In the example you're pointing to, I can't see it going well, but that's partly because the now-unwanted guest was acting so entitled in the first place. In that case, a person might try "since you're not happy with the hospitality you're offering, we think it would be best if you don't come." That is, make it clear that their own actions are responsible.

If you're not prepared to either say "hey, you did X inappropriate thing" or "look, this is awkward, but we don't want you there because Y," there's probably no way to avoid a rift. The only "this is awkward" I can see working would be something like "you'll always be family to me, because I like you and you're my nieces' father, but I don't think you and my sister should be at the same event right now" for a recent break-up. If someone did something inappropriate enough that you want nothing to do with them, but they aren't bowing out on their own, bluntness is probably necessary.

I'm thinking about things in a range from "you got drunk and insulted Grandma last Thanksgiving" to having been convicted of a serious crime but not yet imprisoned.

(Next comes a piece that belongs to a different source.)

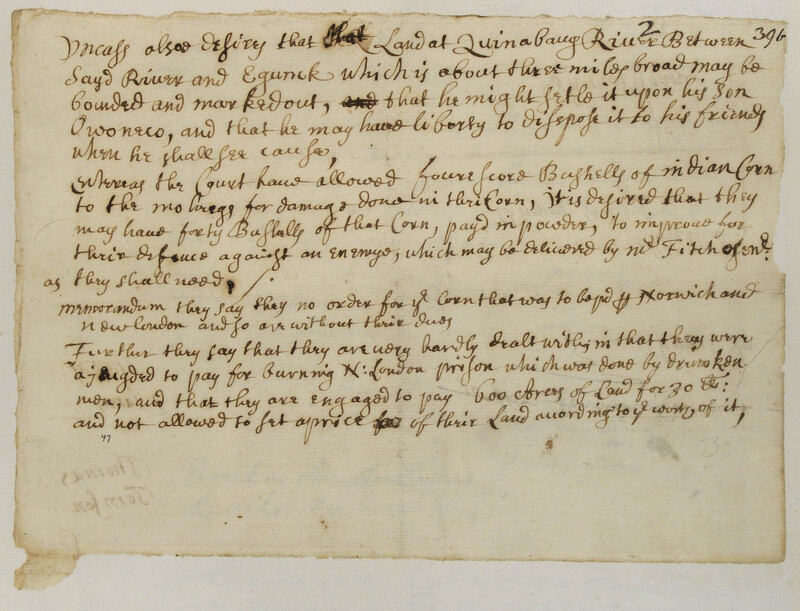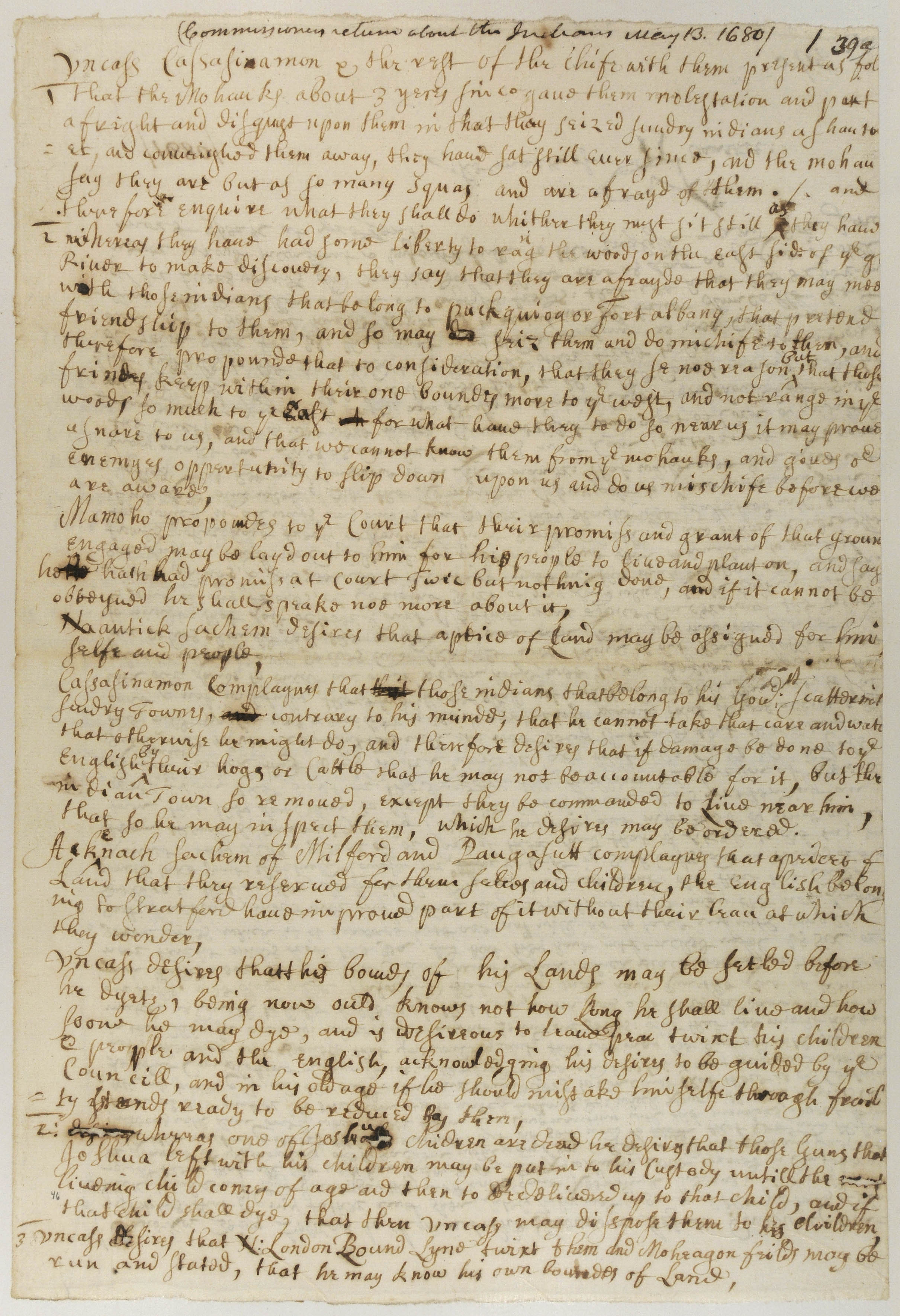 Buildings/Structures -- Forts; Buildings/Structures -- Prisons; Culture -- Alcohol Consumption; Culture -- Clothing/Dress; Culture -- Elders; Culture -- Family; Culture -- Genealogy; Culture -- Inheritance; Culture -- Tribute; Food/Drink -- Corn/Yokeag; Government -- Colonial -- Colony of Connecticut -- General Assembly; Government -- Tribal -- Mohegan -- Sachems/Sagamores -- Owaneco (1683-1715); Government -- Tribal -- Mohegan -- Sachems/Sagamores -- Uncas (1638-1683); Government -- Tribal -- Niantic -- Western; Government -- Tribal -- Paugusset; Government -- Tribal -- Pequot -- Eastern -- Sachems/Sagamores -- Mamoho (c.1675-1694); Government -- Tribal -- Pequot -- Western -- Sachems/Sagamores -- Robin Cassasinamon I (1647-1692); Land -- Complaints -- Encroachment -- Animal; Land -- Complaints -- Encroachment -- Neighbors; Land -- Complaints -- Encroachment; Land -- Complaints -- Trespass; Land -- Complaints; Land -- Conveyances -- Sale; Land -- Description -- Boundaries; Land -- Reservation/Reserve -- Mohegan; Land -- Reservation/Reserve -- Niantic -- Western; Land -- Reservation/Reserve -- Pequot -- Eastern; Land -- Reservation/Reserve -- Pequot -- Western; Land -- Use -- Improvement -- Agriculture -- Damage to; Land -- Use -- Improvement -- Agriculture; Landforms -- Aquatic -- Rivers -- Connecticut; Landforms -- Terrestrial -- Forests; Law -- Criminal Actions -- Felonies -- Arson; Military -- Arms/Ammunition; Military -- Forts -- Fort Albany; Military -- Indian Conspiracies; Relations -- Colonial Affairs; Relations -- Inter-Tribal Affairs -- Alliance; Relations -- Inter-Tribal Affairs -- Violence; Relations -- Tribal Affairs; Tribes/Communities -- Fort Albany Indians; Tribes/Communities -- Milford Indians; Tribes/Communities -- Mohawk; Tribes/Communities -- Mohegan -- Shetucket Indians; Tribes/Communities -- Mohegan; Tribes/Communities -- Niantic -- Western; Tribes/Communities -- Nipmuc; Tribes/Communities -- Pequot -- Eastern; Tribes/Communities -- Pequot -- Western; Tribes/Communities -- Puckquiog; Tribes/Communities -- Western Indians; Vital Records -- Deaths; YIPP -- Colony of Connecticut Collection, 1603-1783

Without getting into politics here, just about everyone can think of some crimes that would have them saying "yes, so-and-so is still family, but that doesn't mean we're prepared to spend time around them" or "we were friends for a long time, and I don't know what caused her to do that, but obviously I can't be her friend after that." If you're saying "I am cutting you out of my life" you should be prepared to send a letter/email/what-have-you telling them that they're no longer welcome at a wedding.)